El Criticón prétend offrir une chronologie et un espace à l’intime dans la mesure où Gracián y projette, tantôt de manière enjouée, tantôt mélancoliquement, les différentes aventures et mésaventures humaines qui avaient occupé ses précédents écrits. Sans doute convient-il, initialement, de rappeler brièvement l’intrigue de ce vaste roman allégorique publié en trois parties (1651, 1653 et 1657). Il emprunte l’essentiel de sa trame – du moins formellement – aux récits byzantins et nous relate une très longue pérégrination qui est guidée par la quête de la mère, Felisinda, qui s’apparente davantage à une allégorie qu’à un personnage. Les deux protagonistes, Critilo et Andrenio, qui sont qualifiés de « pèlerins de la vie », renvoient à deux figures et états de l’homme : le premier, d’âge mûr, fait usage de son jugement (critein) tandis que le second est une représentation de l’homme à former (andros), prompt à se tromper, à errer. En somme, ils représentent deux états de l’expérience humaine, deux modes d’être au monde et deux types d’intériorité : la sagesse opposée à l’impétuosité, la réflexion à la passion, la modération et tempérance à l’excès. Critilo s’apparente en ce sens à une figure stoïcienne, apte à juger de l’état du monde, aidé par les « esprits auxiliaires » dont nous avions pu parler à propos de l’Oracle manuel. Ces aides sont, la plupart du temps, des guides qui viennent les rejoindre et les aider (ou bien les fourvoyer) en leur faisant découvrir (ou en leur masquant) les règles et lois des différents pays allégoriques qu’ils peuvent arpenter. Ce long voyage les conduit à travers une série de contrées où se spatialisent et se concrétisent les différentes formes de moi, les différents avatars — positifs et négatifs, valorisants ou dégradants — de l’intime. De la sorte, le texte de Gracián offre un propos clairement pédagogique qui vise à livrer au lecteur une série de variations sur la figure de l’homo viator et sur la notion d’expérience.

Nous allons tenter de présenter, dans l’espace qu’il nous reste, quelques-unes de ces figurations de l’intime exprimées et représentées au sein d’un espace narratif et nous nous pencherons tout particulièrement sur l’effort de reformulation par rapport aux œuvres antérieures, El Criticón tentant de porter à une puissance encore plus élevée les figures précédemment identifiées et offertes au lecteur.
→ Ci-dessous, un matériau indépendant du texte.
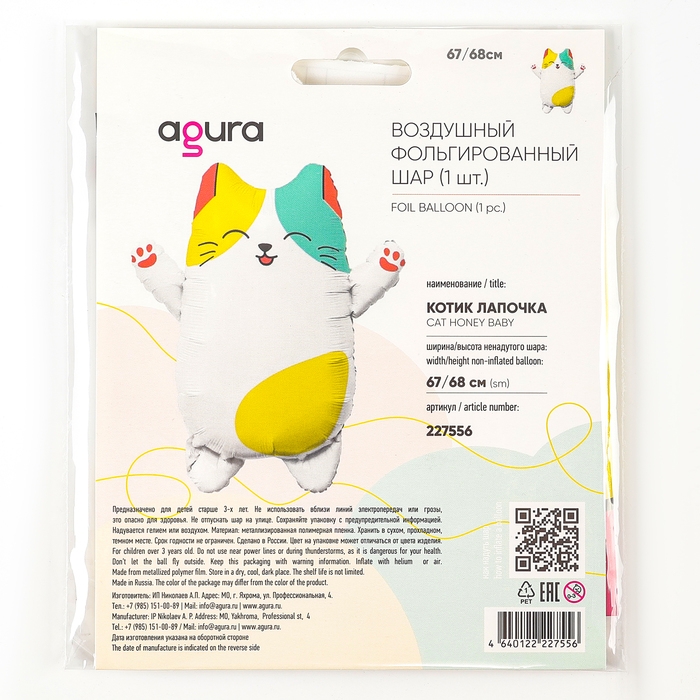 Шар фольгированный 27" «Котик лапочка», фигура
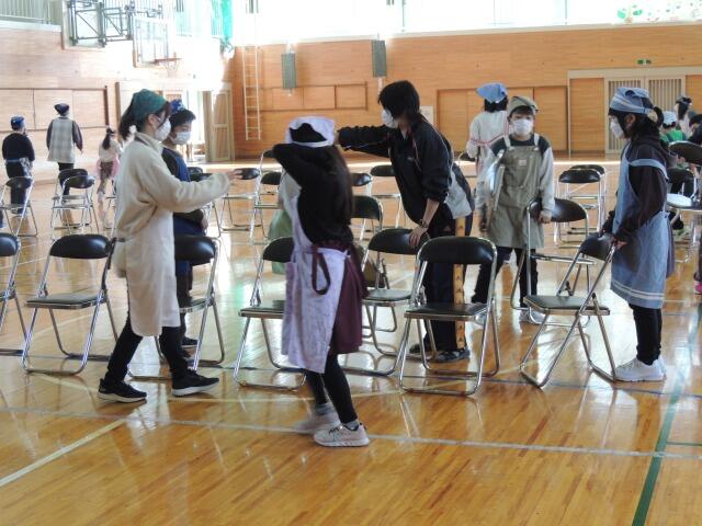 本日3校時、1年生を迎える会を実施しました。1年生の入場後、5年生が作ったくす玉が見事に割れ、歓迎の言葉が現れました。6年生のクイズを交えた学校紹介の後、全校児童で集合ゲームをしました。生まれ月や好きな季節、好きな天気でグループを作り、自己紹介しました。3年生からメダルのプレゼントをいただき、その後、1年生が一人ずつ自己紹介をしました。とっても上手に自己紹介ができました。会の後に、児童館で子どもたちの活動をサポートしていただいている「かめりあくらぶ」の皆様から、移動ポケットのプレゼントをいただきました。3人の1年生は「楽しかった!」と笑顔で感想を言っていました。
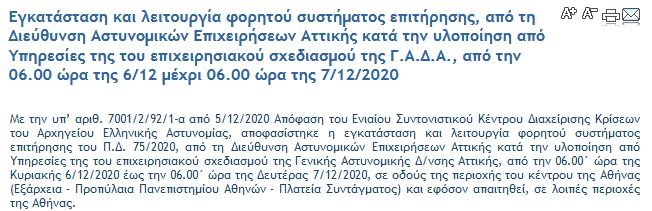 «Με την υπ’ αριθ. 7001/2/92/1-α από 5/12/2020 Απόφαση του Ενιαίου Συντονιστικού Κέντρου Διαχείρισης Κρίσεων του Αρχηγείου Ελληνικής Αστυνομίας, αποφασίστηκε η εγκατάσταση και λειτουργία φορητού συστήματος επιτήρησης του Π.Δ. 75/2020, από τη Διεύθυνση Αστυνομικών Επιχειρήσεων Αττικής κατά την υλοποίηση από Υπηρεσίες της του επιχειρησιακού σχεδιασμού της Γενικής Αστυνομικής Δ/νσης Αττικής, από την 06.00΄ ώρα της Κυριακής 6/12/2020 έως την 06.00΄ ώρα της Δευτέρας 7/12/2020, σε οδούς της περιοχής του κέντρου της Αθήνας (Εξάρχεια – Προπύλαια Πανεπιστημίου Αθηνών – Πλατεία Συντάγματος) και εφόσον απαιτηθεί, σε λοιπές περιοχές της Αθήνας».
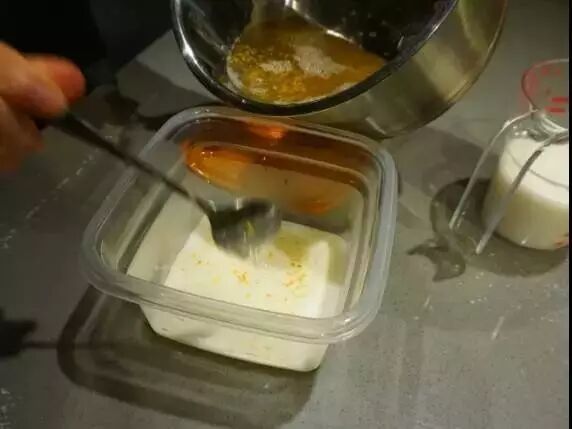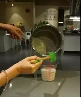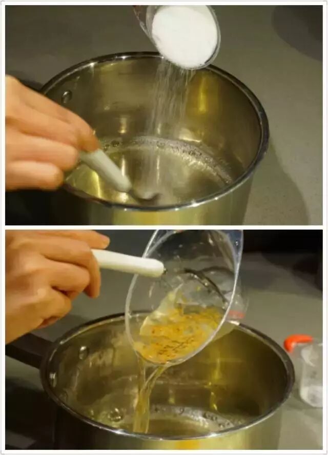 4. 把混合好的液体倒进干净的容器中,放置一边冷却;
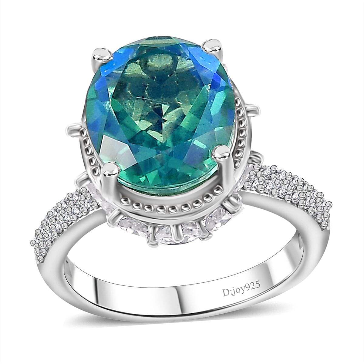 Peacock Quartz (Triplet) and White Zircon Ring in Platinum Over Sterling Silver (Size 9.0) 7.90 ctw
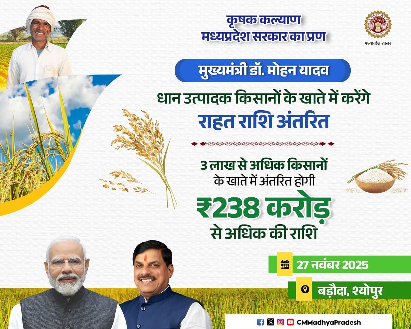 मुख्यमंत्री डॉ मोहन यादव धान उत्पादक किसानों के खातों में करेंगे राहत राशि अंतरित
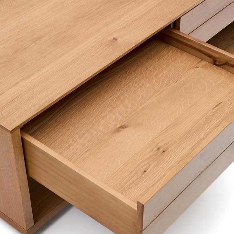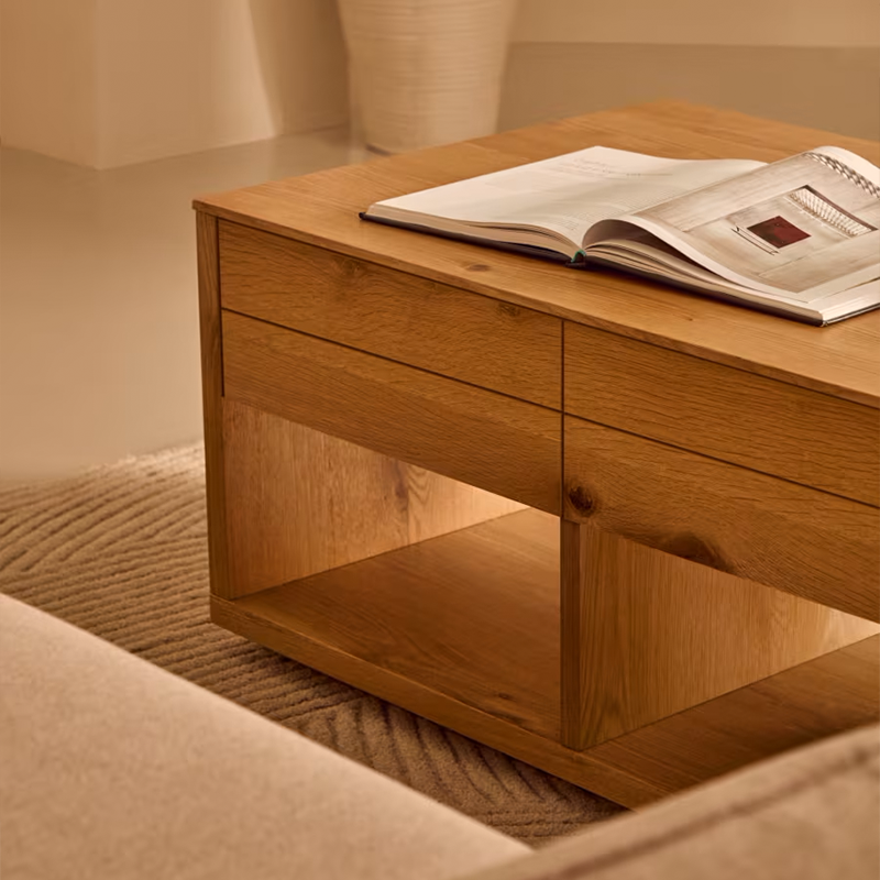 La mesa de centro Alguema destaca por su diseño funcional y líneas limpias, pensada para espacios contemporáneos. Fabricada en chapa de roble con acabado natural, aporta calidez y una estética orgánica al ambiente. Sus dos cajones integrados ofrecen una solución de almacenaje práctica sin renunciar al diseño. Con unas dimensiones de 140 x 60 cm, es una pieza equilibrada que combina estilo, orden y funcionalidad.
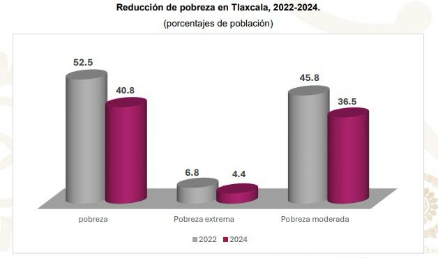 Tlaxcala, Tlax; 13 de agosto de 2025 (PulsoRed) Como resultado de las políticas impulsada por la administración encabezada por la gobernadora Lorena Cuéllar Cisneros, que priorizan el bienestar social, la reducción del rezago y la atención a la marginación, la población en situación de pobreza en el Estado de Tlaxcala disminuyó en 11.7 puntos porcentuales de 2022 a 2024.
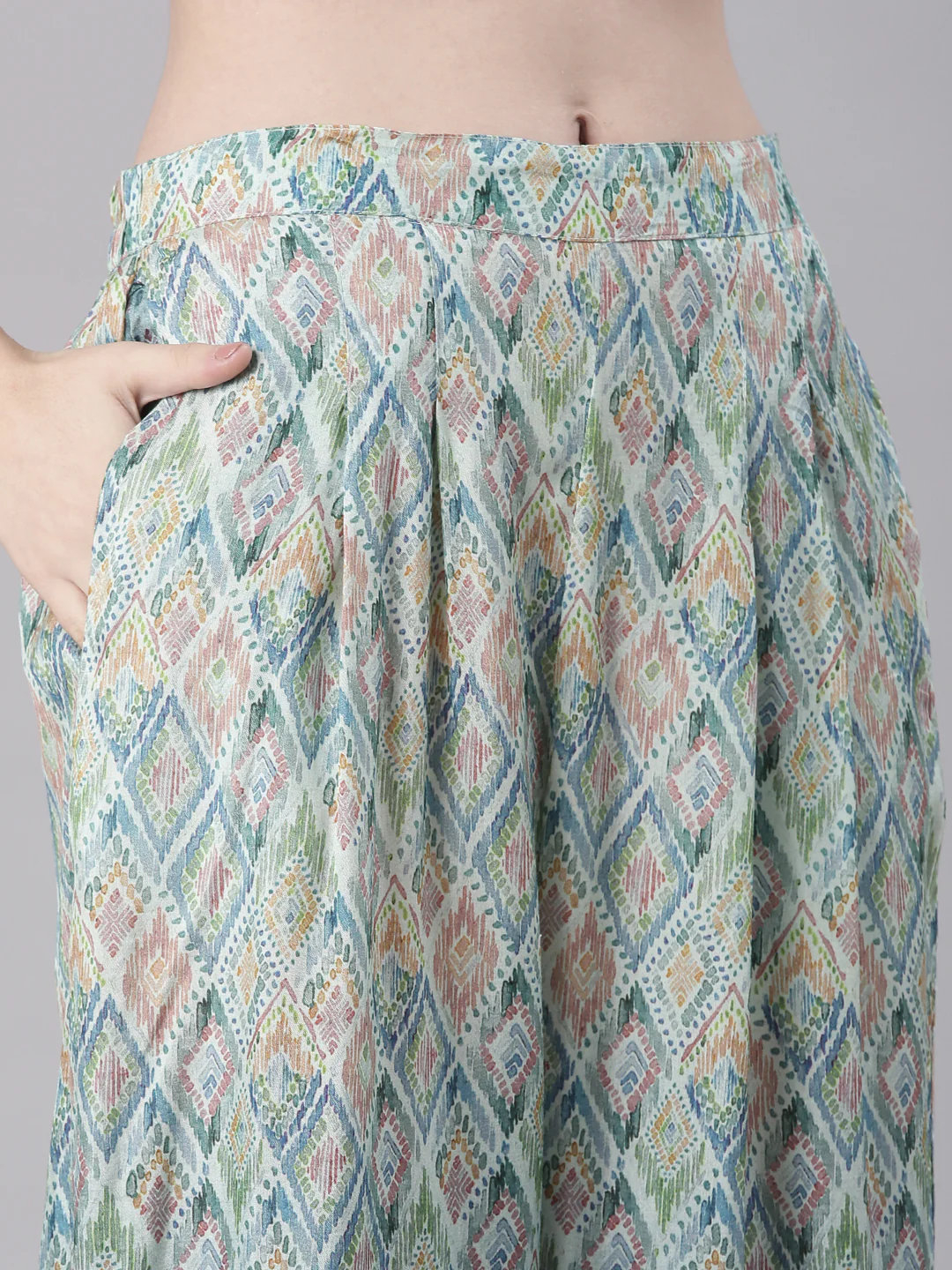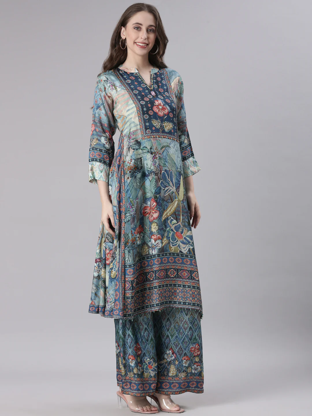 The kurta features an attractive floral print with detailed border patterns that enhance the overall ethnic appeal. Paired with a comfortable matching palazzo, this set offers both style and ease for all-day wear.
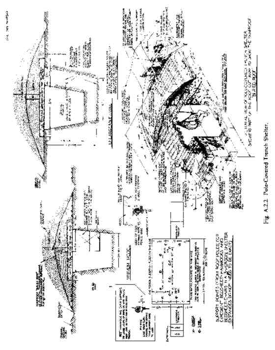 10. Start digging, throwing the first earth about 10 ft beyond the staked outlines of the trench. Less able members of the family should do the easier digging, near the surface. Those members who can use an ax and saw should cut and haul poles. See the introductory section of this appendix for the know-how to make this hard work easier.
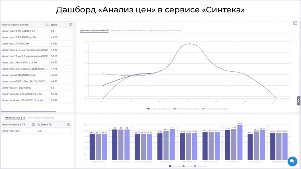 Еще есть дашборд «Анализ доставок», позволяющий наглядно увидеть, кто именно задерживает поставку и на сколько дней, количество оборудования или материалов, которое не доехало до объекта. Еще один дашборд – «Анализ цен» – позволяет оценить и спланировать закупки на основании цен из товарной базы, бюджета или заявок, а также увидеть и учесть динамику цен по месяцам и по поставщикам:
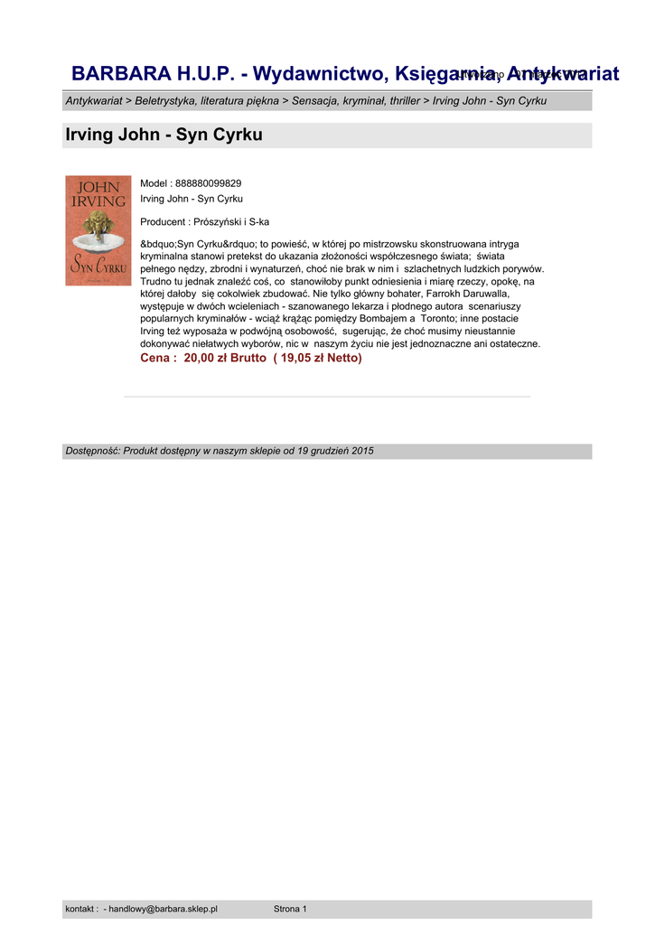 Utworzono Antykwariat : 07 marzec 2017 BARBARA H.U.P. - Wydawnictwo, Księgarnia, Antykwariat > Beletrystyka, literatura piękna > Sensacja, kryminał, thriller > Irving John - Syn Cyrku Irving John - Syn Cyrku Model : 888880099829 Irving John - Syn Cyrku Producent : Prószyński i S-ka „Syn Cyrku” to powieść, w której po mistrzowsku skonstruowana intryga kryminalna stanowi pretekst do ukazania złożoności współczesnego świata; świata pełnego nędzy, zbrodni i wynaturzeń, choć nie brak w nim i szlachetnych ludzkich porywów. Trudno tu jednak znaleźć coś, co stanowiłoby punkt odniesienia i miarę rzeczy, opokę, na której dałoby się cokolwiek zbudować. Nie tylko główny bohater, Farrokh Daruwalla, występuje w dwóch wcieleniach - szanowanego lekarza i płodnego autora scenariuszy popularnych kryminałów - wciąż krążąc pomiędzy Bombajem a Toronto; inne postacie Irving też wyposaża w podwójną osobowość, sugerując, że choć musimy nieustannie dokonywać niełatwych wyborów, nic w naszym życiu nie jest jednoznaczne ani ostateczne. Cena : 20,00 zł Brutto ( 19,05 zł Netto) Dostępność: Produkt dostępny w naszym sklepie od 19 grudzień 2015 kontakt : - [email protected] Strona 1
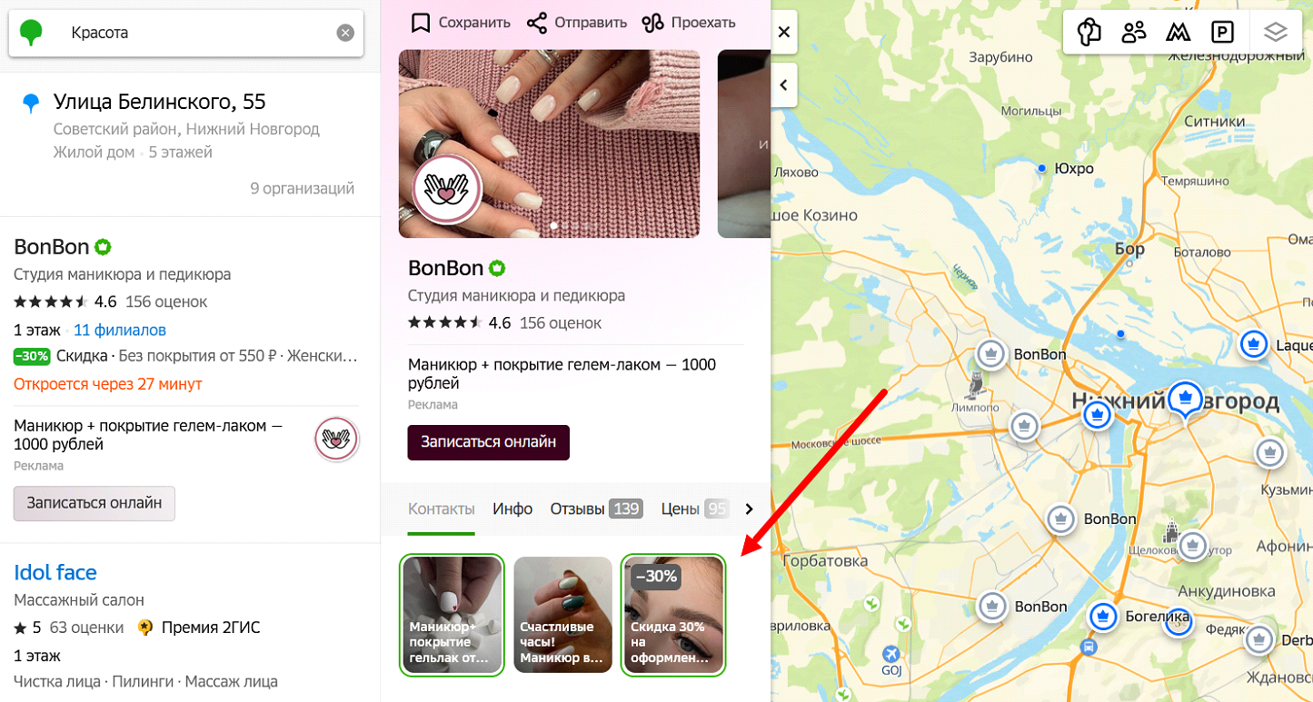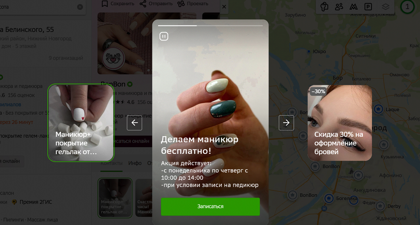 Особенность обусловлена тем, что геосервисы изначально создавались для поиска мест и адресов на карте. Механика такая: человек открывает на телефоне соответствующее приложение и ищет услугу или товар недалеко от своей локации. Заходит в карточку, видит истории и смотрит их для получения нужной информации. Часто услуга нужна здесь и сейчас, это могут быть, например, автосервисы или стоматологии.
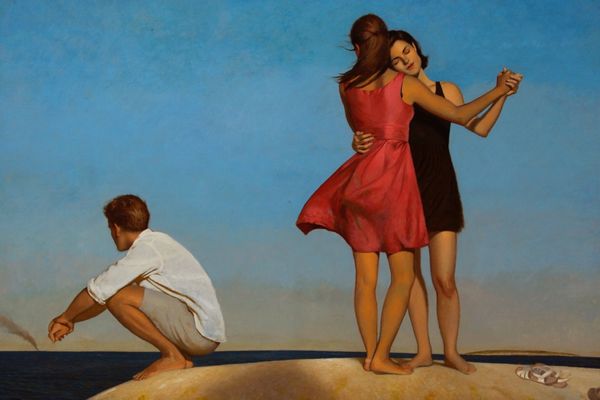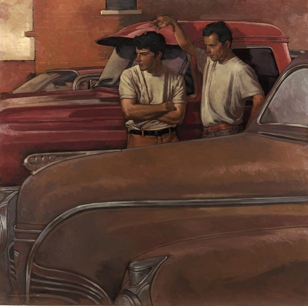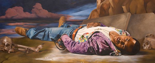 Bo Bartlett’s painting, *A Miraculous Outcome*, presents a scene rendered meticulously in oil. The painting's smooth finish and precise detailing lend it a sense of hyper-reality, a quality achieved through careful layering and blending of the medium. The material qualities of oil paint—its viscosity, luminosity, and capacity for blending—allow Bartlett to create seamless gradations of tone, which are essential to his style. In contrast to more gestural, expressionistic approaches to painting, Bartlett’s technique emphasizes control and refinement, and speaks to traditions of realism. The way that light plays across the overturned vehicle, highlighting every curve and dent, evokes a sense of the car's material presence, drawing attention to its manufactured form. The embrace of the figures, rendered with the same attention to detail, is a testament to the human capacity for empathy and connection, reminding us of the shared vulnerability that binds us together. Through his skillful use of oil paint, Bartlett elevates a mundane scene into something extraordinary.
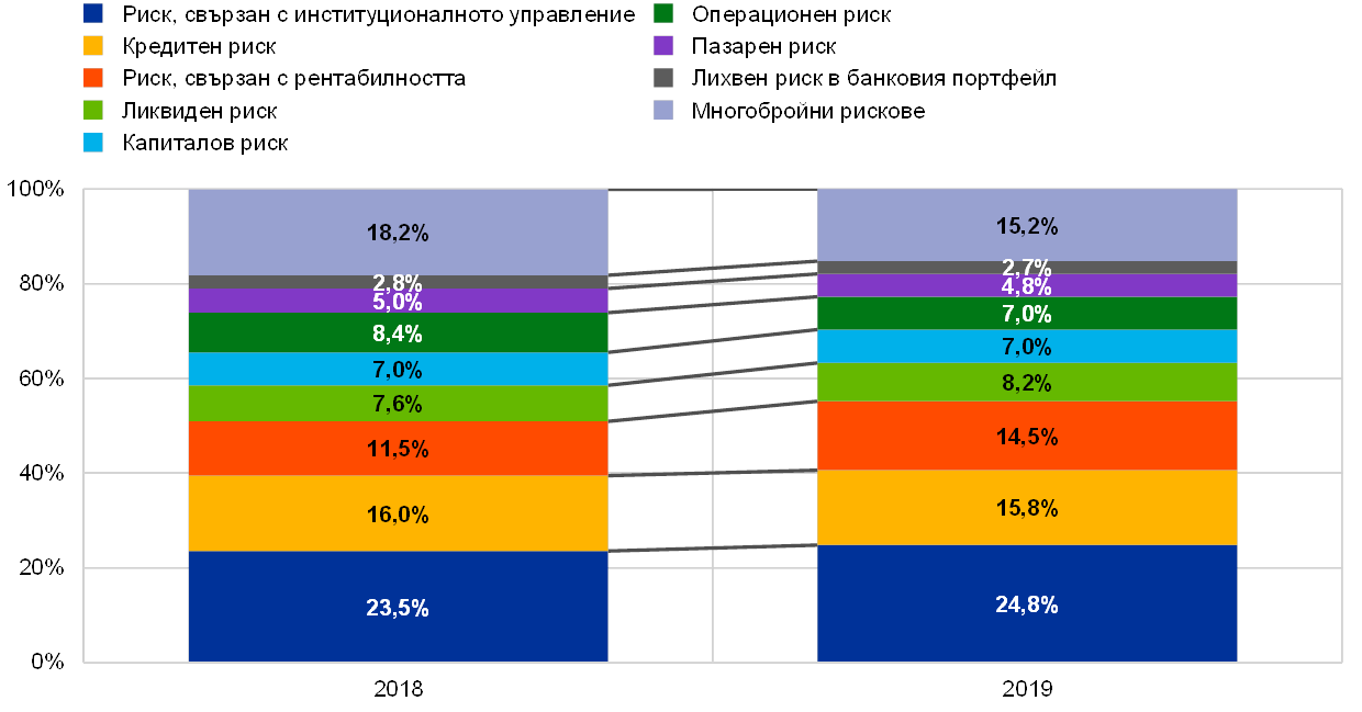 В оценките ни много често се определят като проблемна област въпроси, свързани с институционалното управление. Най-добрите практики започват с това схемите за възнаграждение да са в съответствие със склонността на банката към поемане на риск и продължават чак до предоставянето на ръководния орган на точни и своевременни данни за рисковете. Освен това, като се имат предвид няколко нашумели в последно време случая, мерките за контрол и процедурите срещу изпирането на пари все още са недостатъчни. Нека да е ясно, ние очакваме всички банки да имат силно институционално управление и ефикасни рамки за управление на рисковете. Проблемите в тези области се разпространяват бързо и могат да причинят много неприятности. Добър пример е операционният риск. Тук положението се влоши през 2019 г., като повечето загуби от операционен риск бяха предизвикани от риска от неправомерни действия, който често е свързан с проблеми в институционалното управление. Друг източник на операционен риск са информационните технологии. С нарастващото цифровизиране на банките те стават по-изложени на киберрискове – или на генерични ИТ рискове, произтичащи например от това, че системите са остарели. Ние гледаме много сериозно на този въпрос и провеждаме редица проверки на място, съсредоточени върху информационните технологии.
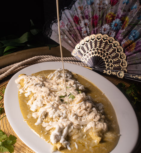 Enchiladas rellenas de Queso, Pollo o Carne Molida. Cubiertas con Salsa Cremosa (Poblana, No Picante) aderezadas con Crema, Queso Fresco y Cebolla.
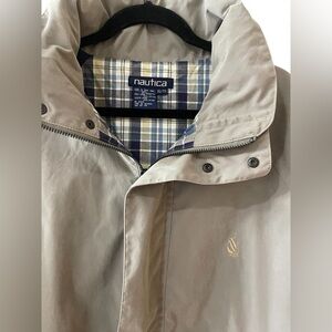 Nautica Green Khaki Long-sleeve Jacket | Men XL. In great condition with no signs of wear. Jacket has zip and snap buttons. Front pockets. Blue plaid print inside.
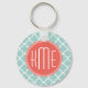Mint and Coral Quatrefoil with Custom Monogram Key Ring
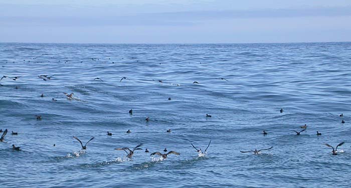 Sooty Shearwater (Puffinis griseus) Westport, WA 7 Aug 2004 Many had to scoot out of the way of the boat. |

3.1. Un “Homère christianisé” ou une des premières œuvres de l’extime ? La construction d’une épopée allégorique du for intérieur

L’épopée du Criticón se présente comme une lecture des signes moraux du monde et, de manière encore plus profonde, des relations que peut entretenir le moi avec le monde. De ce fait, la pérégrination s’apparenterait, formellement, à une révélation de la pluralité des sens du monde dans un processus de déchiffrement infini des signes auxquels sont confrontés les deux protagonistes. Ainsi, lors de la visite du « musée du discret » (« museo del discreto »), Critilo et Andrenio sont confrontés à la « Moral Filosofía » (Gracián 1981 : 373-374). Celle-ci leur présente, selon leur mérite et leur force de persuasion, chacune des formes d’expression de la morale. Ainsi, la « moralité ingénieuse » qui ressort de cette contemplation – « moralidad ingeniosa » – apparaît comme la forme la plus appropriée d’incarnation de préceptes moraux. L’on pourrait distinguer deux modalités de cette morale figurative. Elle favorise le plus souvent l’incarnation de concepts en des personnages allégoriques comme Falsirena, Falimundo. Peut-on encore parler de monde ou d’extériorité ? Il existe bien sûr une forme d’extériorité, qui se manifeste notamment dans l’adoption d’une géographie référentielle, par le choix de faire figurer des personnages réels mais il convient de faire une série de remarques préliminaires qui vont guider nos quelques réflexions sur le Criticón comme aboutissement de différentes tentatives de figuration de l’intime chez Baltasar Gracián.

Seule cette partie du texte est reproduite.